Let’s see: a novel about a shy fountain pen repairman called Parsifal who lives at a time when the earth is at war with the sky and returns to the forest primeval to search for his long-lost favorite cup. Sound familiar?
The Parsifal legend tells the story of a naive boy whose mother kept him isolated from the world. Parsifal eventually leaves home after having met some knights in the woods, naively does bad things to some people and as a Knight of the Round Table discovers the Castle of the Grail. There he finds the Fisher King (who is his uncle), suffering from a wound that does not heal, but is kept alive by the forces of the Grail. Parsifal does not ask him the critical question “why is he suffering” and because of this lack of concern for the suffering of another, Parsifal wakes to find himself alone in the castle. Later Parsifal learns of his fault and starts a long, adventure-filled quest to rediscover the Grail castle. A long suffering but mature Parsifal is finally called back to the castle, poses the vital question to the Fisher King, thus saving him and his court, and becomes the king of the Grail.
So Jim Krusoe is obviously adapting the Parsifal narrative to this novel titled, appropriately, Parsifal. But what are all the car parts and bathroom fixtures falling from the sky? I always wonder how far the author of a work such as this intended the comparison to be made.
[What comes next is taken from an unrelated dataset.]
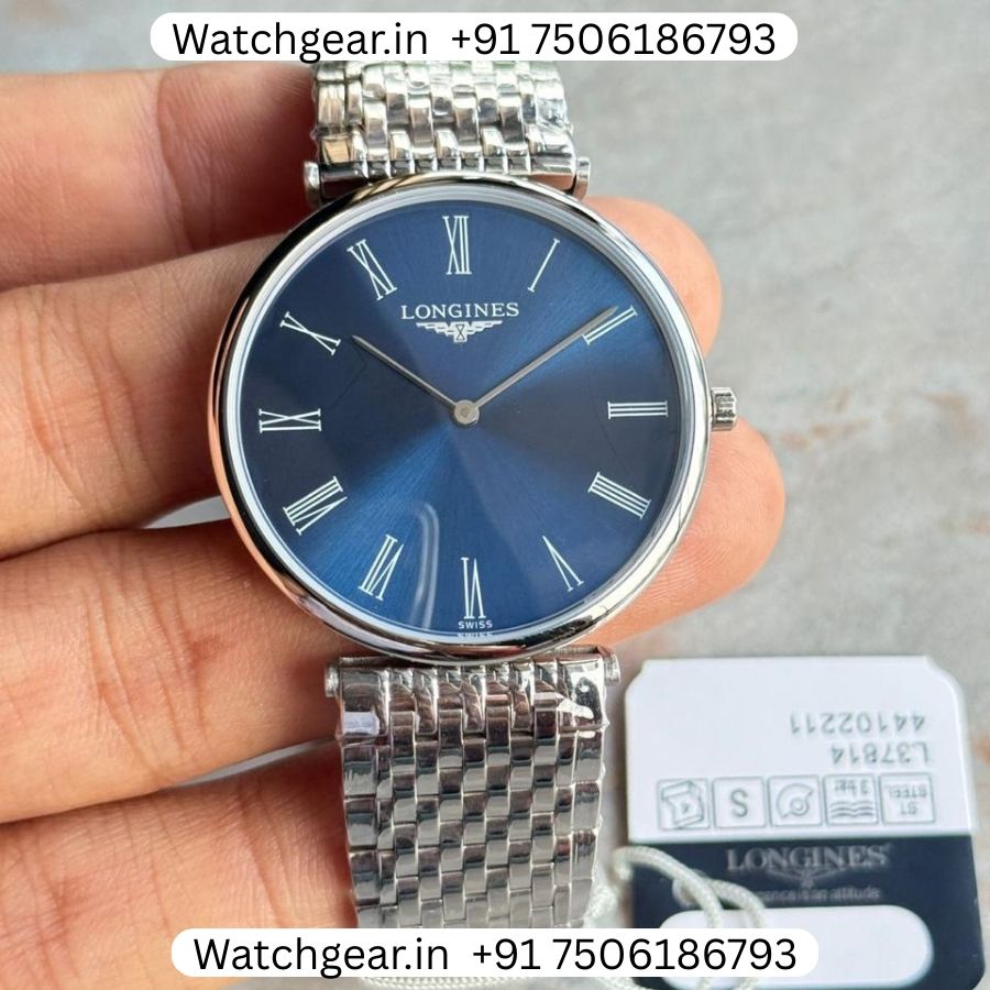 The Longines La Grande Classique Blue Dial Steel ‘SLIM’ Watch is a clean and elegant timepiece designed for a modern yet classic look. It features a deep blue dial paired with a polished steel finish, giving the watch a sharp and premium feel that stands out without being too flashy. Its ultra-slim design makes it lightweight and very comfortable for all-day wear, whether for office use or special occasions. Built with the trusted craftsmanship that Longines is known for, this watch is inspired by the timeless Longines La Grande Classique collection and offers a perfect mix of style and simplicity.

Who is Joe? What are the spiked pits? What are the jelly donuts? Who is Misty? What is the Happy Bunny? Birds? Blind people? Health bars? The scar? Double-Entry Bookkeeping? Librarians?
I would have written—”Where’s Stuart Gilbert when you need him?”—but Jim Krusoe is no James Joyce. I think I have a copy of Wolfram von Eschenbach’s thirteenth century epic poem, Parzival around here: that might help.
I found this passage in the novel interesting: is Krusoe making fun of finding significance in his text?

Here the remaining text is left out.